FieldTypeDescriptionExample
structures.pdbPDBGenerated or refined structures keyed by name. Each entry is a PDB string.{'seqA_rank_1.pdb': ''}
confidence.jsonJSONConfidence metrics for generated structures (e.g., pLDDT and optionally full PAE/PDE if enabled).{'seqA_confidence.json': {'plddt': [0.85, 0.9], 'pae': None, 'pde': None}}
trajectory.pdbPDBDiffusion trajectory PDBs if trajectory saving is enabled; otherwise may be empty.{'seqA_traj_0.pdb': ''}
affinity.jsonJSONAffinity prediction outputs when affinity is requested in the YAML and ligands are present; empty otherwise.{'seqA_affinity.json': {'predicted_affinity': 1.23}}

Important Notes

  • Reference structures are required and must be provided in PDB format as a dictionary of {name: pdb_content}.
  • Chain IDs referenced in fixed_chains must match the IDs defined in the YAML sequences.
  • Affinity outputs are only produced when the YAML includes an affinity property and at least one ligand is present.
  • Trajectory outputs are only populated if save_trajectory is true.
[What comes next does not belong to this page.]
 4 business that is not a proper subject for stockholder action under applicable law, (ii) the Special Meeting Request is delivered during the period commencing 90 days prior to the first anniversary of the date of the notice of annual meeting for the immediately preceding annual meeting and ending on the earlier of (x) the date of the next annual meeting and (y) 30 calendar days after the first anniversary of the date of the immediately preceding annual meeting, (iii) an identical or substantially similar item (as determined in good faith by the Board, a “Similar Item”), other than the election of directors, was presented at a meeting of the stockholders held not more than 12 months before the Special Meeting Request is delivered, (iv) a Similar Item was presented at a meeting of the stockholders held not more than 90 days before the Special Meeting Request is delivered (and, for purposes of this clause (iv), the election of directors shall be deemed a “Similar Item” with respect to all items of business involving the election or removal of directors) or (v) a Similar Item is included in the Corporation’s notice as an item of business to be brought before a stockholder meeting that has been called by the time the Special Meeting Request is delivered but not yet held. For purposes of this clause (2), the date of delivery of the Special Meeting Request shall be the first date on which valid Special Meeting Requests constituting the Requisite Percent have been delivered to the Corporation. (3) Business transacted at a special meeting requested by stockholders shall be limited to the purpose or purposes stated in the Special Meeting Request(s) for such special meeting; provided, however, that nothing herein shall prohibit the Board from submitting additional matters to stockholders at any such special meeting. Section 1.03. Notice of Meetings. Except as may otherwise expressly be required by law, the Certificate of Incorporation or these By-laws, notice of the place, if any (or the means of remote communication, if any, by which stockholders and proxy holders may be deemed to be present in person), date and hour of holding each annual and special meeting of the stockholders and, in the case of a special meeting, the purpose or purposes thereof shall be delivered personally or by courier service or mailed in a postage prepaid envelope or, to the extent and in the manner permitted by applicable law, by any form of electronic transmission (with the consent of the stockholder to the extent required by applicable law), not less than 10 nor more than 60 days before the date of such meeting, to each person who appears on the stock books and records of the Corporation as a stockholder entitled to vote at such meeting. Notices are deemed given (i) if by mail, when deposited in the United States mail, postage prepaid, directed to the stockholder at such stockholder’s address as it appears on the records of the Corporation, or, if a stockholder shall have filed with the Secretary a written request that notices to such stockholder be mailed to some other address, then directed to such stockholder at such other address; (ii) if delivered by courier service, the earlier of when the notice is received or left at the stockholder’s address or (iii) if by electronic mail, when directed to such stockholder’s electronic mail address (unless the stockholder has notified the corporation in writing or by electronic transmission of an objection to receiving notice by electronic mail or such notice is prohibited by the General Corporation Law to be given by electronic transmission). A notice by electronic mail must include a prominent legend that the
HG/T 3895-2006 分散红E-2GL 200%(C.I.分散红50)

  • For multimers, ensure all chain IDs in the YAML and reference PDBs are consistent.
  • MSA-related parameters (max_msa_seqs, subsample_msa, num_subsampled_msa) control multiple sequence alignment usage and can affect runtime and quality.

Troubleshooting

  • Error: 'Boltz YAML must contain at least one sequence' — Ensure your boltz_yaml has a non-empty 'sequences' list.
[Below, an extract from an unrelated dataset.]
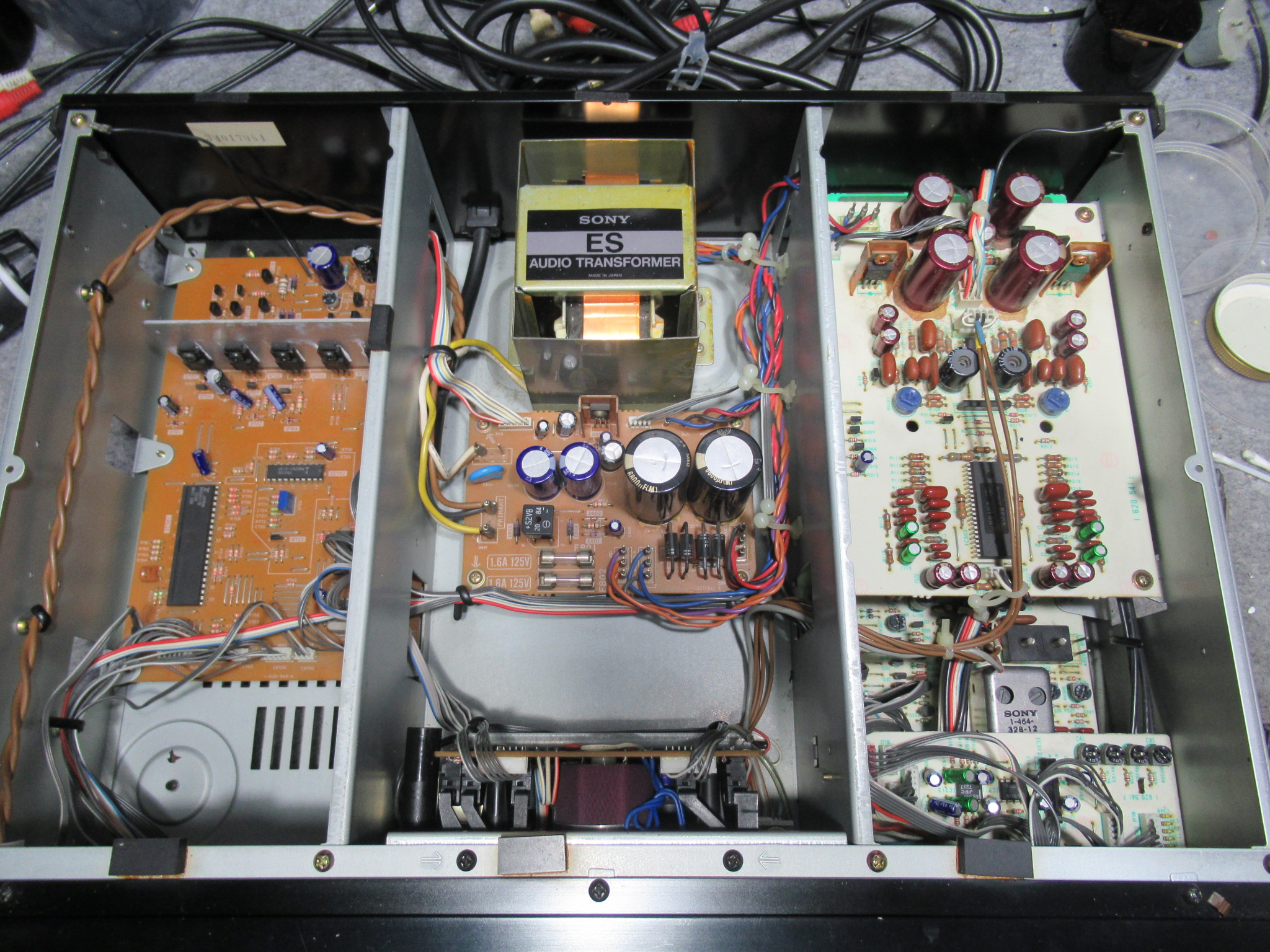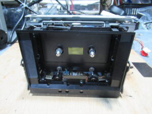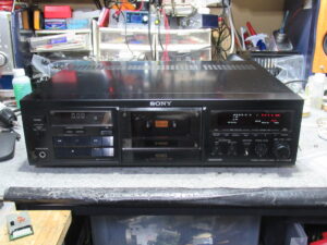 SONYの3ヘッドデュアルキャプスタンカセットデッキ、TC-K555ESXの修理依頼をいただきました。 再生・早送り・巻き戻し、すべて開始後数秒で停止するということです。 ヘッドホンジャック修理の形跡 …

  • Error: 'Reference structures are required for partial diffusion and must be in PDB format' — Provide at least one PDB in reference_structures as a dict {name: pdb_content}.
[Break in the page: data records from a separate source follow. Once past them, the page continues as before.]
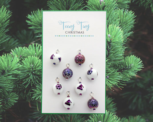 Purple Miniature Christmas Ornaments, 8 pc, Glass Baubles for Miniature Trees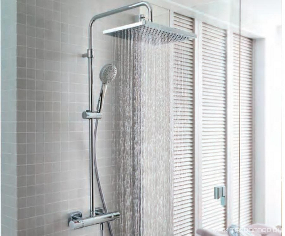 Душевая система Even-M Square (стойка, верхний душ, ручная лейка 3 реж., держатель, шланг), xром ZZ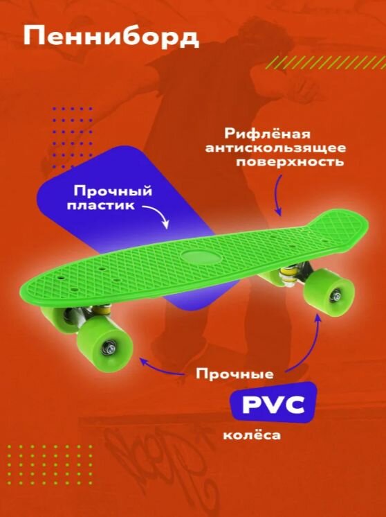 Пенни борд , Скейтборд детский 56 Х14 см, зеленый, возраст 4+ интересное: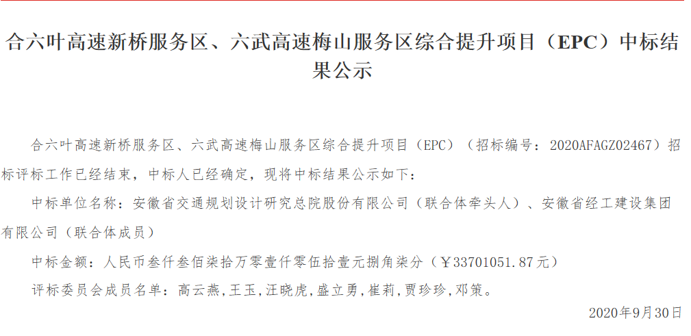 4.合六叶高速新桥服务区、六武高速梅山服务区综合提升项目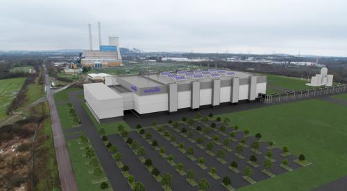 位于德国萨尔州恩斯多夫退役燃煤电厂旁的Wolfspeed和采埃孚共同打造的200毫米碳化硅半导体工厂效果图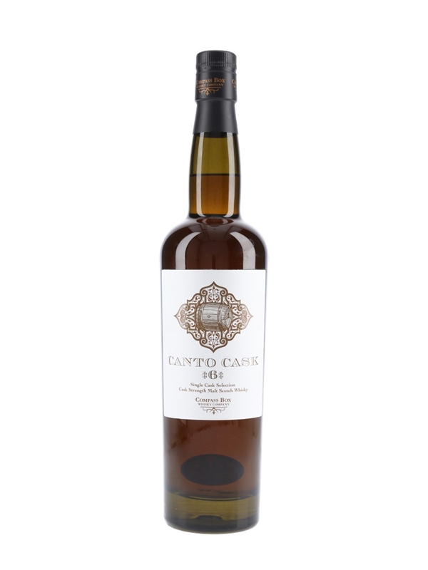 A bottle of Canto Cask 6 Single Cask Selection from independent bottler Compass Box. Cask number 6 was chosen by Compass Box Whiskymaker, John Glaser, for sale in the UK market, with all profits donated to a UK based charity. Cask number 6 was made with French oak heads and heavily toasted (level 7 on Compass Box's proprietary scale). This was bottled in July 2007.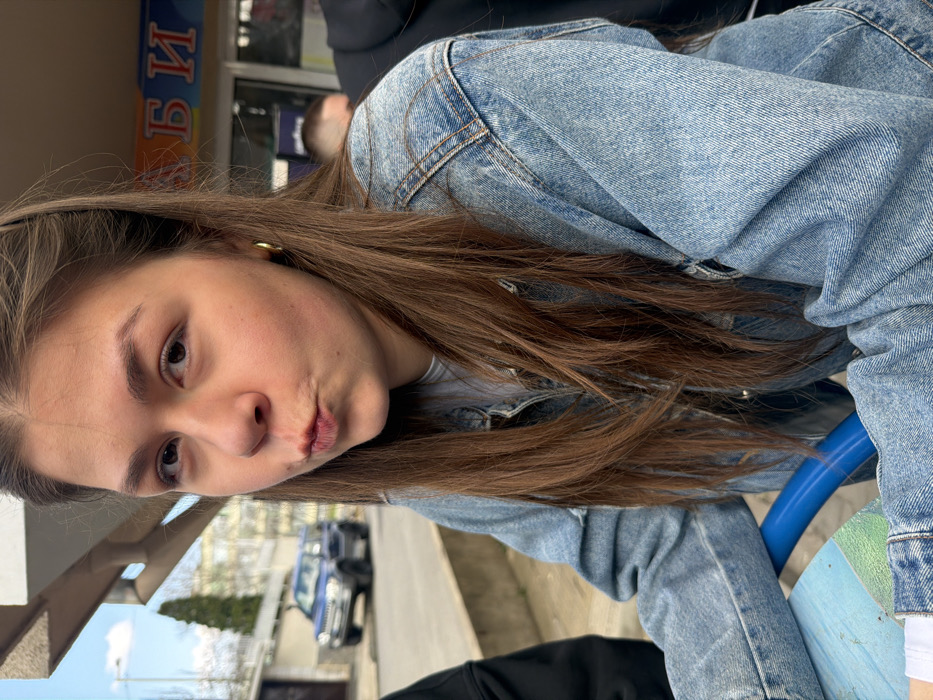 A young female subject is depicted in a medium shot, looking directly at the camera with her lips pursed. She has long brown hair and is wearing a light blue denim jacket over a white undershirt, with small gold hoop earrings visible. Her left forearm rests on a blue and light green surface in the immediate foreground. To her right, the top of another individual's head with short hair and part of a black garment are visible. A third person, denoted only by a black garment, is partially visible to the subject's left. The background reveals an outdoor urban environment in Stara Zagora, Bulgaria. A paved street is visible, with a blue SUV parked on the left. Further back, a tall evergreen tree and buildings with light-colored facades are present. To the right of the main subject, a commercial establishment features a sign with red and blue Cyrillic letters "АБИ". An overhead structure, possibly an awning or building overhang, is visible at the top of the frame. The sky is partially visible and blue.

  • Error: 'Fixed chains {...} not found in YAML sequences' — Check that fixed_chains match chain IDs defined under sequences in the YAML.
  • No affinity.json output — Confirm your YAML includes an affinity property and that a ligand sequence is defined.
  • Empty trajectory output — Set save_trajectory to true to record diffusion trajectories.
  • Invalid chain IDs or mismatched chain labeling — Align chain IDs between YAML and reference PDB files.